Hello Community,
We are running tutor on our private network and deployed using Tutor + K8s.
In the LMS logs, we have observed that we are very frequently getting pymongo.errors.ServerSelectionTimeoutError: mongodb:27017: [Errno -2] Name or service not known
. And this error sometimes results in 502 error for the end-users.
Traceback of LMS logs:
Traceback (most recent call last):
File "/openedx/venv/lib/python3.8/site-packages/mongodb_proxy.py", line 55, in wrapper
return func(*args, **kwargs)
File "/openedx/edx-platform/common/lib/xmodule/xmodule/contentstore/mongo.py", line 134, in find
fp = self.fs.get(content_id)
File "/openedx/venv/lib/python3.8/site-packages/gridfs/__init__.py", line 153, in get
gout._ensure_file()
File "/openedx/venv/lib/python3.8/site-packages/gridfs/grid_file.py", line 486, in _ensure_file
self._file = self.__files.find_one({"_id": self.__file_id},
File "/openedx/venv/lib/python3.8/site-packages/pymongo/collection.py", line 1273, in find_one
for result in cursor.limit(-1):
File "/openedx/venv/lib/python3.8/site-packages/pymongo/cursor.py", line 1156, in next
if len(self.__data) or self._refresh():
File "/openedx/venv/lib/python3.8/site-packages/pymongo/cursor.py", line 1050, in _refresh
self.__session = self.__collection.database.client._ensure_session()
File "/openedx/venv/lib/python3.8/site-packages/pymongo/mongo_client.py", line 1810, in _ensure_session
return self.__start_session(True, causal_consistency=False)

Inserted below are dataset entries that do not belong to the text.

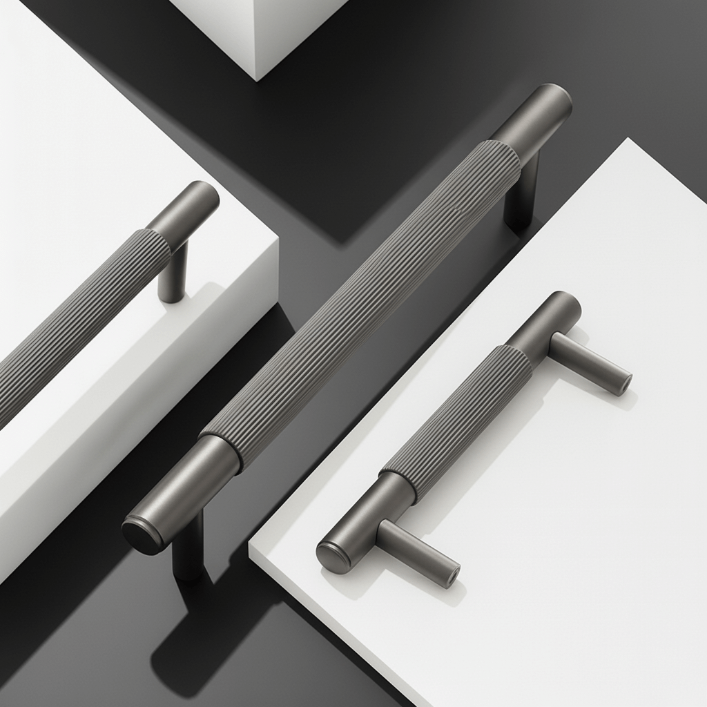Grijze deurkruk van massief messing met gekarteld oppervlak. Een moderne handgreep en één van onze absolute bestsellers in de winkel. Geschikt voor keukendeuren, maar ook voor ladekasten of meubels in de badkamer. Het stevige gewicht in combinatie met de geribbelde details blijft niet onopgemerkt. Een premium handgreep voor degenen die waarde hechten aan details en kwaliteit.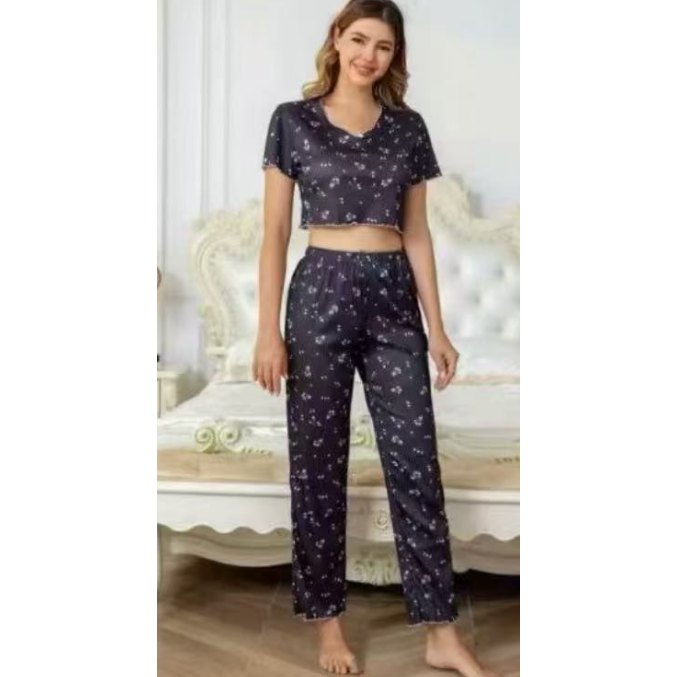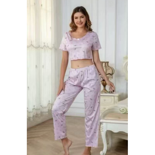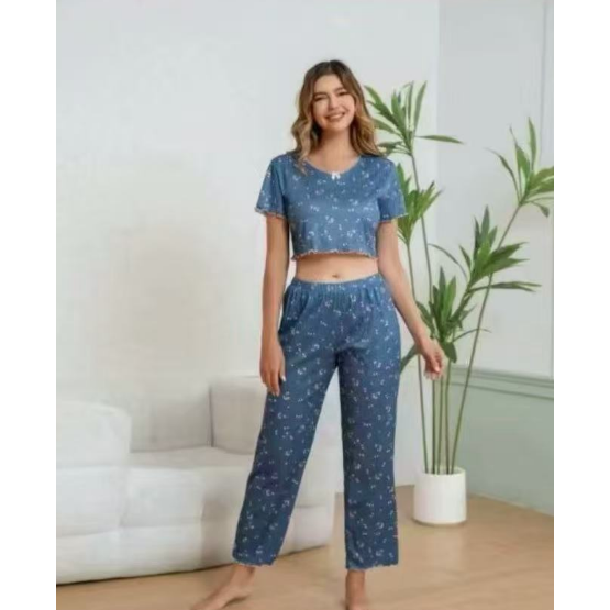 Suzhen Mori Style Women's Floral Trousers Home Suit Short-Sleeved Two Piece Set in XS-XXL Sizes Model 2266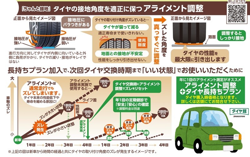 タイヤ交換、同時におススメしたいのがタイヤ長持ちアライメントです。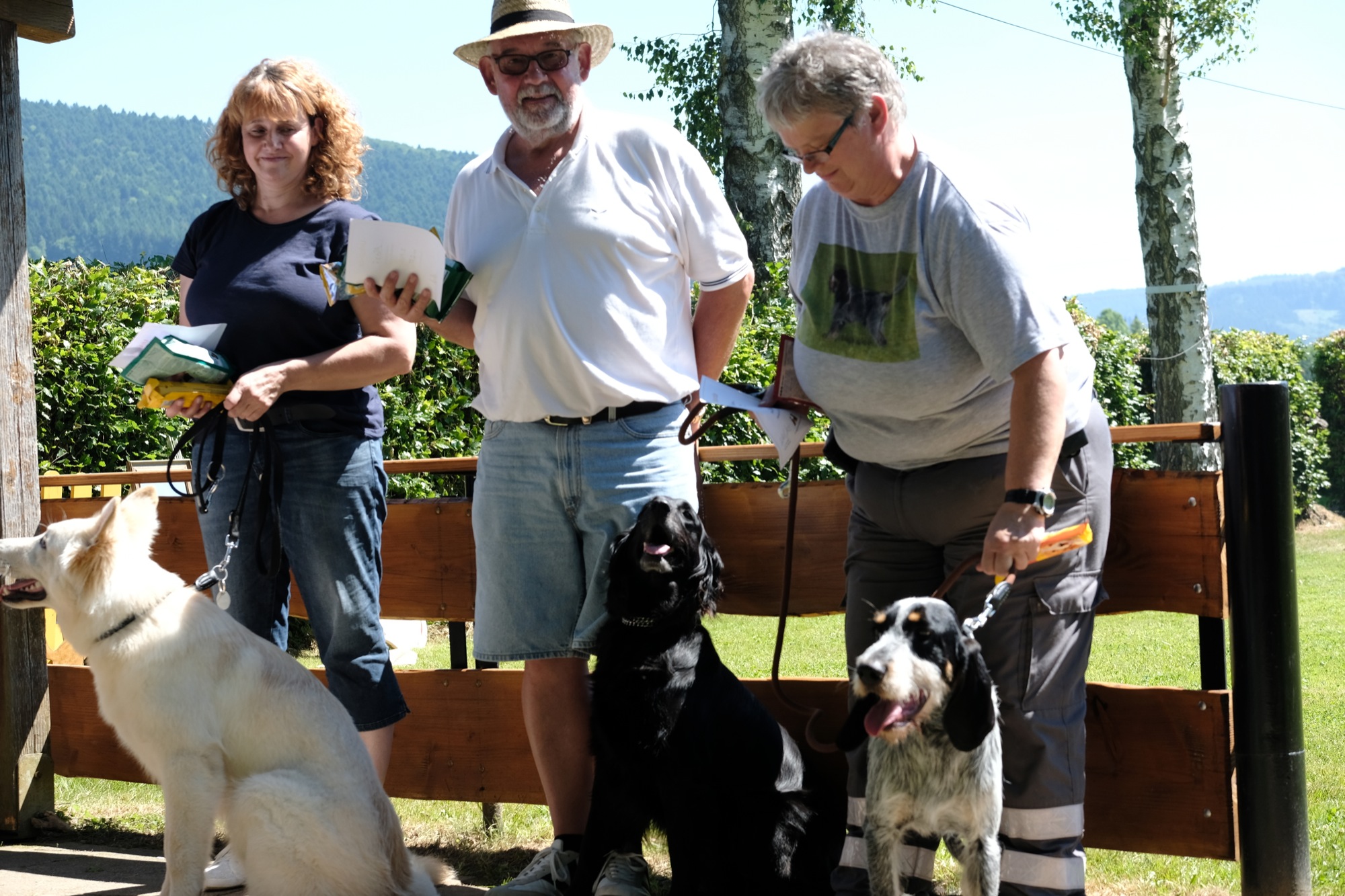 Beim Sprintrennen auf 30 Meter konnte »Maxi«, die Flat Coated Retriever-Hündin von Lothar (Mitte), in der Kategorie »Gäste« ihren Titel mit 2,77 Sekunden auf 30 Meter als »Schnellster Hund im Kinzigtal« verteidigen. Zweiter wurde Ingrids Rettungshund-Azubi »Balduin«, ein Griffon bleu de Gascogne (rechts). Den dritten Platz belegte der weiße Schäferhund »Chief« von Andrea (links). Die Hunde des Vereins liefen unter einer separaten Wertung. Hier waren drei Malinois einsame Spitze.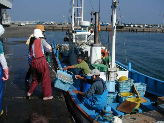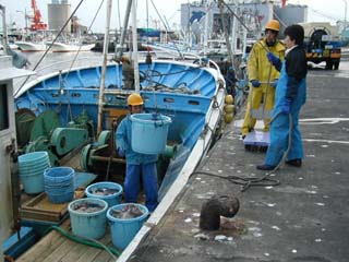 夕方底引き船が帰ってくると、水揚げ、仕分け、セリ、箱詰めなどあわただしく作業が進められます。

File "/openedx/venv/lib/python3.8/site-packages/pymongo/mongo_client.py", line 1763, in __start_session
server_session = self._get_server_session()
File "/openedx/venv/lib/python3.8/site-packages/pymongo/mongo_client.py", line 1796, in _get_server_session
return self._topology.get_server_session()
File "/openedx/venv/lib/python3.8/site-packages/pymongo/topology.py", line 482, in get_server_session
self._select_servers_loop(
File "/openedx/venv/lib/python3.8/site-packages/pymongo/topology.py", line 208, in _select_servers_loop
raise ServerSelectionTimeoutError(
pymongo.errors.ServerSelectionTimeoutError: mongodb:27017: [Errno -2] Name or service not known
We also found one thing odd about CONTENTSTORE, following is the value on the tutor server:
>>> settings.CONTENTSTORE
{
"ENGINE": "xmodule.contentstore.mongo.MongoContentStore",
"ADDITIONAL_OPTIONS": {},
"DOC_STORE_CONFIG": {
"host": "mongodb",
"port": 27017,
"user": None,
"password": None,
"db": "openedx",
},
}
For CONTENTSTORE, values are different on the native installation:
>>> settings.CONTENTSTORE
{
"ADDITIONAL_OPTIONS": {},
"DOC_STORE_CONFIG": {
"authsource": "",
"collection": "modulestore",
"connectTimeoutMS": 2000,
"db": "edxapp",
"host": "172.42.21.109",
"password": "TEST",
"port": 27017,
"read_preference": "SECONDARY_PREFERRED",
"replicaSet": "",
"socketTimeoutMS": 3000,
"ssl": False,
"user": "edxapp",
},
"ENGINE": "xmodule.contentstore.mongo.MongoContentStore",
"OPTIONS": {
"auth_source": "",
"db": "edxapp",
"host": "172.42.21.109",
"password": "TEST",
"port": 27017,
"ssl": False,
"user": "edxapp",
},
}
When we are getting this MongoDB error, we have also checked the STATUS of the MongoDB pod and it is up and running, not restarted once, and no error trace on MongoDB logs.
Tutor version:
tutor, version 12.2.0
Looking for help on this,
Thanks.